When it comes to art, I'm something of a masochist. I listen to music that the average listener might describe as "unlistenable." I relish in the skin-crawling cringiness of the major motion picture musical Cats. I gravitate toward games that make me beat my head against the wall, for better or for worse. However, every pain junkie has their limit, and The Lord of the Rings: Gollum pushed me to mine--and then some.
The long-delayed stealth adventure from Daedalic Entertainment, centered around one of Middle-earth's most iconic (if not exactly likable) characters, does not simply miss the mark here or there: It's an unbridled disaster of truly epic--like, Tolkien-level epic--proportions. Beyond its overly simple level design, jarringly dated graphics, and deeply uninteresting gameplay, The Lord of the Rings: Gollum is broken to the point where it's nearly unplayable, making it one of the worst uses of a licensed property in recent memory.

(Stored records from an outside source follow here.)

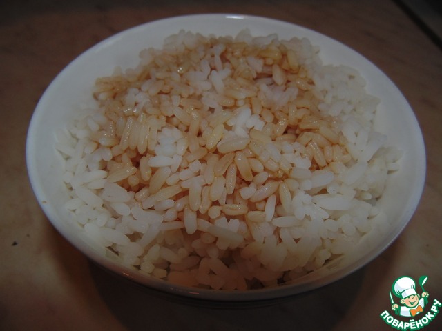 Рис (у меня пропаренный) промыть, отварить почти без соли. Промыть и полить соевым соусом Kikkoman.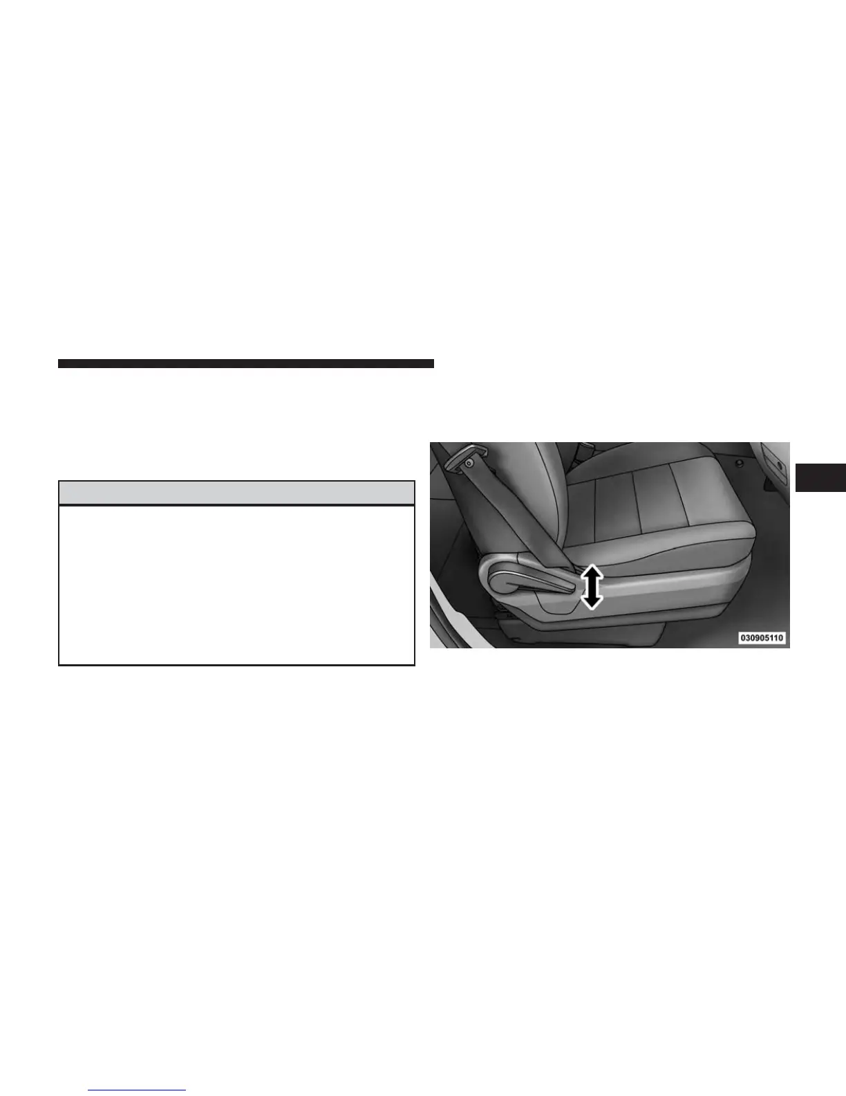 • Adjusting a seat while driving may be dangerous.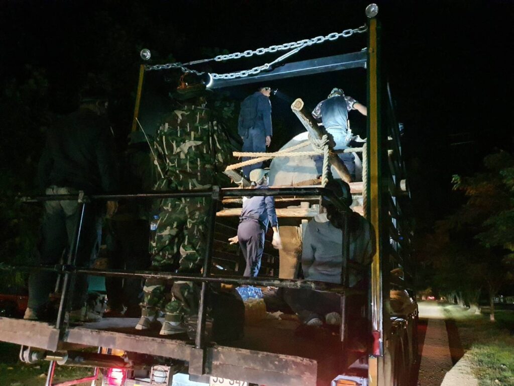 ทีมสัตวแพทย์และเจ้าหน้าที่ใช้เวลาดำเนินการจับและเคลื่อนย้ายช้างตัวนี้กลับป่าถึง 5 วัน เริ่มตั้งแต่แกะรอยด้วยการติดตามรอยเท้าในช่วงเวลากลางวันและใช้โดรนบินหาตอนกลางคืน จนกระทั่งพบตัว แต่ช้างรู้ตัว มันจึงพยายามเข้ารวมฝูง ทำให้เพิ่มความเสี่ยงในการปฏิบัติงาน ในที่สุดก็สามารถยิงยาซึมและนำขึ้นรถบรรทุกสำหรับเคลื่อนย้ายช้างโดยเฉพาะ มีสัตวแพทย์ 5 นายควบคุมและดูแลช้างระหว่างเคลื่อนย้ายไปยังเขตรักษาพันธุ์สัตว์ป่าเขาอ่างฤาไน สัตวแพทย์ให้ยาแก้ยาซึมซึ่งช้างรู้สึกตัวดีและเดินเข้าป่าลึกไป ปฏิบัติการเป็นไปด้วยความเรียบร้อยทั้งช้างและเจ้าหน้าที่ปลอดภัย

The game begins in Cirith Ungol, the Orc-infested outskirts of Mordor, some 60 years after Bilbo Baggins stole the One Ring from our slimy, frail protagonist, Sméagol--or Gollum, as he's come to be known. Taking place not long before the events laid out in The Fellowship of the Ring, the crux of the story is instantly recognizable to anyone even peripherally familiar with the series: Gollum must find Bilbo and take back his "precious" at any cost, while avoiding the wrath of Sauron along the way.